Низко пригнувшись под хлеставшими ветками, летела казачья лава. Пар поднимался от конских крупов.

У Шамшинских юрт казаки настигли шайку Махмет-Кула.

Только немногие татары ушли живыми, но с ними – Махмет-Кул.

На обратном пути Ермак подъехал к Абалацкому озеру. Рядком, как спали, лежали зарезанные казаки. Кто спал на левом боку, не успел перевернуться на правый. Только голова, чуть тронь ее, откатывалась от тела.

И Ермак похоронил мертвецов на высоком Саусканском мысу, среди ханских могил.

Еще двое князей явились с повинной. Ишбердей из-за Яскальбинских болот и Суклем с речки, павшей в Иртыш ниже Тобола. Княжеские нарты с добровольным ясаком стояли у ворот Кашлыка.

Ермак принял князей так же, как Бояра. В их честь трубили трубачи и стрелки палили из пищалей. Атаман богато одарил обоих князей, и не видно было по его лицу, что только что отошла кровавая ночь у Абалацкого озера. – Служить буду тебе, – сказал Ишбердей. И назвал Ермака: – Рус-хан.

– Служи. Верно служи, – ответил Ермак и нахмурился, повысил голос: – А я не хан и не царь. Царь на Руси – Иван Васильевич, государь московский.

Узкий след прочерчивали на снегу лыжи и нарты.

Казаки в волчьих шубах длинной плетью погоняли упряжных собак. Ели конину, в земляных городках пили травяные настои, прокисшее запененное молоко и мед.

Волжская песня будила дремучую тайгу.

Люди были бесстрашны и, казалось, не знали устали.

Пятьдесят, тридцать, а то и двадцать человек приводили в покорность целые княжества. Товарищи-побратимы чуть не сам-друг пускались в нехоженные места и открывали новые земли.

Страна сбрасывала ханскую власть, как ветхую одежду с плеч долой.
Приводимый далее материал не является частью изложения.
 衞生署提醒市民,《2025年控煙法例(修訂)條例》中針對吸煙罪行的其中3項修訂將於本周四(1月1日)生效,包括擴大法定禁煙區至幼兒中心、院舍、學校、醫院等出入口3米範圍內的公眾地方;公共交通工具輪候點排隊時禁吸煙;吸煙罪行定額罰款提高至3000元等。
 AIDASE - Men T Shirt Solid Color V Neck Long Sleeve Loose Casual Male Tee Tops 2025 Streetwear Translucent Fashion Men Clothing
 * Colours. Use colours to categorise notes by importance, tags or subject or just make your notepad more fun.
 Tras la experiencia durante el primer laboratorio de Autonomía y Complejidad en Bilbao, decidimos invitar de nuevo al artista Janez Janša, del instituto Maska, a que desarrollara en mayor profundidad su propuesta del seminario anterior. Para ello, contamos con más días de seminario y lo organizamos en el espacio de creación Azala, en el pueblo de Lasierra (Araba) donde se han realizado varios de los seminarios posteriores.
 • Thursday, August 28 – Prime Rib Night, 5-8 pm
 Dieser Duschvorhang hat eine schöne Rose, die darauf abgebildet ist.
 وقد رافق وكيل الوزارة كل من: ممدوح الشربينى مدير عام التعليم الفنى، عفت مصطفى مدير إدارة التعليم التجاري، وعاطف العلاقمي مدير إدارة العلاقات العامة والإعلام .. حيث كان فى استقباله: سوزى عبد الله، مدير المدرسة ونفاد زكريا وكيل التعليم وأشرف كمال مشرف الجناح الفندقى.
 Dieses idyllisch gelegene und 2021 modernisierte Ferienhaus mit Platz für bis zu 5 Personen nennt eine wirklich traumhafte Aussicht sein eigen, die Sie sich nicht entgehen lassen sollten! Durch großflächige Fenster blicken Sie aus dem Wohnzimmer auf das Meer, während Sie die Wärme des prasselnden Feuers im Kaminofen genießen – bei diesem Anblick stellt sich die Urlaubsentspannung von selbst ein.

А Ермак, устраивая Сибирскую землю, уже звал грамотками к себе на торг бухарских и русских купцов.

Старая, торная дорога из Бухары в Кашлык – пусть не заносит ее снегом, пусть бурьяном не зарастет она. И пусть лягут новые дороги – с Руси в город Сибирь.

На великом перепутьи станет этот город. И в нем – встреча гостей московских с гостями из Бухары, несчетно богатой.

Но еще задолго до весеннего разлива вод, всего через месяц с небольшим после занятия Кашлыка, когда ни облачка не омрачало казачьей удачи и победы, – разве только ночная резня под Абалаком, – в счастливом декабре 1582 года Ермак спросил атаманов, как они мыслят: слать ли послов сейчас или обождать?



Долгое молчание было ему ответом. Они сидели все вместе – шестеро атаманов и с ними Брязга. Они сидели у деревянного дома на юру, в темени горы. Отсюда был виден Иртыш в сизоватом льду. За рекой, широко сверкая на зимнем солнце, открывалась окрестность с лесками у берега, похожими отсюда на камыши, и черными борами на белых полях до самого неба.

Атаманы молчали. Ермак не торопил ответа. Кое-кто курил. Другие сидели, откинувшись, расстегнув ворот.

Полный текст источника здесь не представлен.